Wambugu's work and projects have been criticized by anti-biotechnology green organizations and protestors. She states that anti-biotechnology protesters have not experienced the crisis of famine, malnutrition, starvation and poverty that affects African nations and so their criticism is not fair. Their criticism denies African states and communities the resources needed to develop solutions towards agricultural engineering, agricultural revolution and crop production. She believes that Africa should participate in the biotechnological revolution to produce and contribute and not just a consume, to create solutions to African problems of food insecurity, hunger, poverty, and environmental degradation. She stated that bio-engineering does not threaten traditional and indigenous crop varieties. Rather, biotechnology protects and conserves Africans natural resources biodiversity, also helping in land reclamation through agriculture in lands affected by degradation. In her book, Modifying Africa (2001), Wambugu challenges popular myths and misconceptions about biotechnology in Africa, and the significance of agribiotech to African farmers, communities, and population. Wambugu, in the Washington Post asserts that, "It is time for Africa to begin thinking and operating as a stakeholder, rather than accepting the ‘victim mentality’ created by opponents of biotechnology. The priority of Africa must be to feed its people and to sustain agricultural production and the environment.” At the U.S House of representatives Committee, Wambugu stated the need for regulatory policies and institutions in African states to govern and advocate for genetically modified foods safety, adoption, consumption, and awareness.

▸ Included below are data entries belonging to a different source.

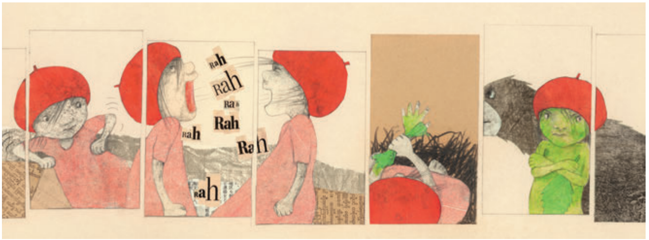
Von vorne, von rechts, von links und von oben setzt Helga Bansch ihr Vogelmädchen in Szene. Ill. Helga Bansch aus »Rabenrosa«, Jungbrunnen 2015

bei: Einige Protagonisten, Gegenstände oder Erzählräume sind in Blau-, Grün- und Rottönen hervorgehoben; Nebenschauplätze, weniger wichtige Figuren oder imaginierte Bewegungen dagegen nur mit Feder skizziert und nicht koloriert. Durch dieses Gewirr von Strichen, Farbflächen und eingefügten Handschriften wandert das Auge und ist ununterbrochen in Bewegung. Aber auch die Figuren sind in Bewegung, eilen von hierhin nach dort, während ihre Gliedmaßen simultan in unterschiedlichen Positionen gezeigt werden und diese so den Lauf einer Bewegung schon andeuten.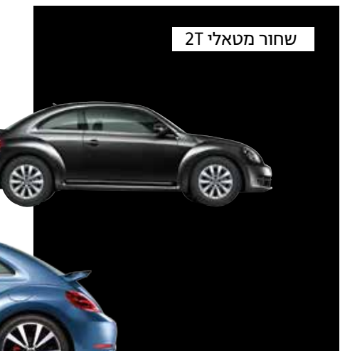
שחור מטאלי 2T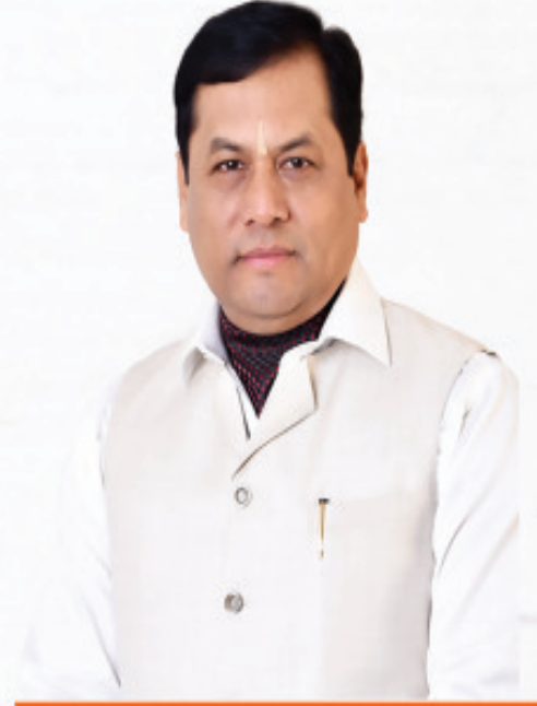
সৰ্বানন্দ সোণোৱাল মুখ্যমন্ত্ৰী, অসম

ক'ভিড-১৯ মহামাৰী প্ৰতিৰোধৰ বাবে ৰাজ্যখনত অব্যাহত থকা সংগ্ৰামত উল্লেখনীয় ভূমিকা লৈ ৰাইজৰ সকাহৰ অৰ্থে অবিৰতভাৱে সেৱাত নিয়োজিত প্ৰতিগৰাকী কৃষক তথা কৃষি বিভাগ খাদ্য, অসামৰিক যোগান আৰু গ্ৰাহক পৰিক্ৰমা বিভাগ উপায়ুক্ত, মহকুমাধিপতি, চক্ৰ বিষয়া, খণ্ড উন্নয়ন বিষয়াৰ কাৰ্যালয় জনস্বাস্থ্য কাৰিকৰী বিভাগ আৰু জলসম্পদ বিভাগৰ বিষয়া-কৰ্মচাৰী তথা অসমৰ সকলো চাফাই কৰ্মীলৈ আন্তৰিক কৃতজ্ঞতা জ্ঞাপন কৰিছোঁ।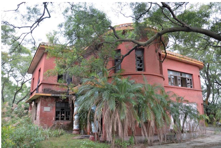
翠亨红楼——珠纵一支队歼灭日军据点遗址

其时,在中山的日军有2000至3000人,伪军第四十三师等3000多人,伪联防队几千人,分别驻守在石岐、唐家、恒美、麻子、西樵、雍陌、湾仔、前山、金斗湾等地,形成了对五桂山的包围。而中区纵队主力部队挺进粤中后,留守五桂山根据地的部队只剩下300多人,于是敌人趁虚而入。日、伪军同时还勾结国军顽固派和海盗山匪,不断袭击游击队,杀害民主政权干部,攻打民兵;伪军步步紧逼,扩大其势力范围。为配合盟军登陆,进一步打击敌伪的军事活动,珠江纵队司令部根据斗争形势和五桂山区的地理环境,决定由纵队司令员林锵云和第一支队政委梁奇达留守五桂山,广泛活动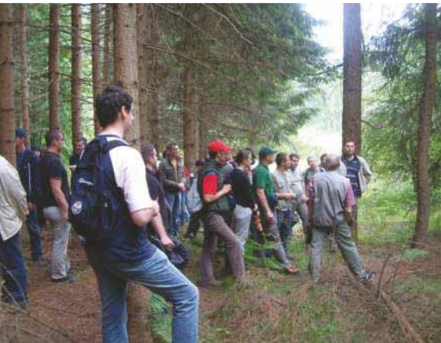
Slika 25 Prof. dr. sc. Milan Oršanić vodi terensku nastavu iz Osnivanja šuma u Bosiljevu 2007. godine

Savjeta Sveučilišta u Zagrebu (2015. – 2018.). Predsjednik je Upravnog vijeća Hrvatskoga šumarskog instituta od 2018. godine. Bio je član Upravnog vijeća Hrvatskoga geološkog instituta (2009. – 2012.) i Odbora za proračun Sveučilišta u Zagrebu (2014. – 2018.). Član je Nacionalnog vijeća za znanost, obrazovanje i tehnološki razvoj Republike Hrvatske od 2021. godine. Član je uredništva znanstvenih časopisa Šumarski list, Croatian journal of forest engineering i Glasnik za šumske pokuse. Dobitnik je posebne nagrade Rektora Sveučilišta u Zagrebu za rad u sveučilišnim tijelima i Velike medalje Mendelova sveučilišta u Brnu. Godine 2015. Šumarski fakultet Sveučilišta u Zagrebu dodijelio mu je priznanje za uvođenje sustava kvalitete.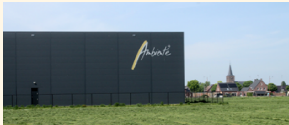
▲ Niet alleen elders ontstaat een 'verdozing' van het landschap en de horizon. Ook nabij Beugen is het zo ver. Dit is een knap staaltje bouwen zonder respect voor het landschap

Wat we wel weten is dat verrommeling van de ruimte een proces is. Dat gaat door als er niets tegen gedaan wordt. En bij het aanpakken van verromme-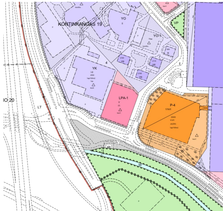
Kuva 3. Suunnittelualueen voimassa oleva asemakaava (kaavatunnus 564-2526)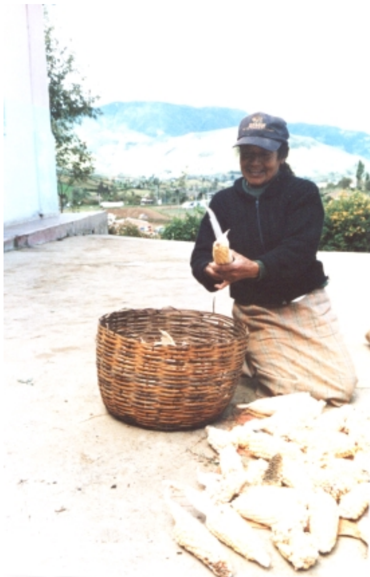
Figura 8. La mujer y el maíz.

respondió: “¿se acuerda? yo le dije al mono échele cinco, no más, más no, y qué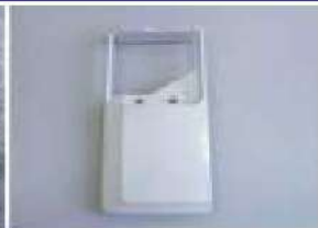
ストーブ外装部品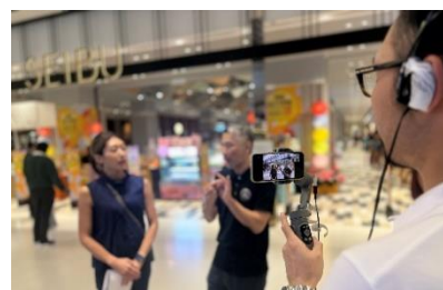
▲ インタビューの様子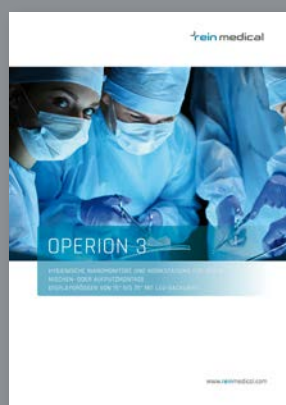
N° comm. BR-DE-OP3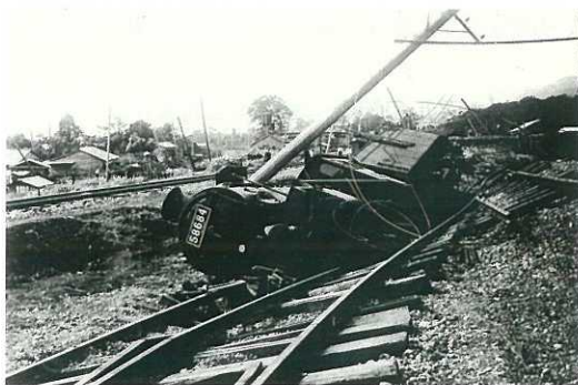
小田原駅構内被災写真

A. 新入院棟に第1防災センター、旧中央診療棟に第2防災センターがあり、第1防災センターに情報が集中するようになっています。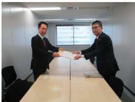
経済産業省製造産業局へ要望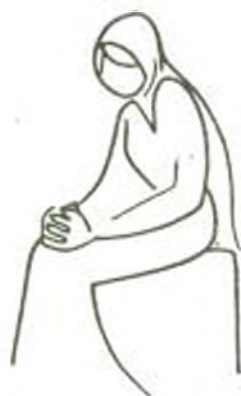
Imhol az Úrnak szolgálója Lukács 1,38

Két adventi ember van az Újszövetség elején: Mária és Keresztelő János. Nagy különbség van kettőjük között. De egyik abban, hogy mindegyikük a Megváltót várja, mindketten örülnek a Megváltónak. Mária énekkel magasztalja az Urat, János prédikál róla. Ne tartsuk ezt véletlennek. Egy nő és egy férfi áll előttünk a várakozásban.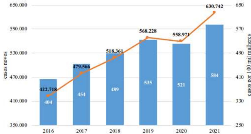
Gráfico 1: Número de casos novos de violência doméstica no CNJ – Brasil 2016-2021

Fonte: Monitoramento da Política Judiciária Nacional de Enfretamento à Violência contra as Mulheres; Conselho Nacional de Justiça.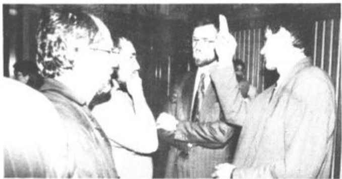
Janez Janša: »Bog nam lahko pomaga«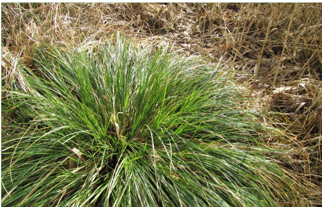
Pluimzegge is waargenomen.

Omdat geen sprake is van geïsoleerde, zuurstofloze en verlandende wateren in combinatie met een dikke sliblaag in het plangebied en vanwege het volledig ontbreken van waarnemingen in de omgeving, wordt het voorkomen van Grote modderkruiper uitgesloten.

In February 2004, the science magazine, New Scientist, reported that the project had failed.
== Awards ==
Florence Wambūgū is recipient of various awards:

- Honorary Degree (Doctor of Science), University of Bath 2009.
- Eve Woman of the year Award by the EVE Magazine, in February 2004 in East Africa.
- Woman of the Year 2001 by American Biographical Institute
- First Place Medal Winner, World Bank Global Development Network Awards, KARI (2000) introduction of the tissue-culture banana in Kenya.
- World Bank Global Development Network Award, for the successful introduction of tissue-culture banana in Kenya (2000)
- Africa Food Prize from the Norway-based Yara foundation for her significant contribution to the fight against hunger and poverty in Africa
- Monsanto Company Outstanding Performance Award (1992 and 1993)
- Recognized as an exemplary PhD candidate, Virology Division of Horticultural Research International in England and KARI,1991.
- Farmers Support Award by Pyrethrum Marketing Board of Kenya,1990 for rapid micro-propagation laboratory for pyrethrum in 1986/7
- KARI's Crop Science Award for Outstanding Scientist,1989.
- International Potato Center's (CIP) Regional Research Award/Grant,1989 for the sweet potato project.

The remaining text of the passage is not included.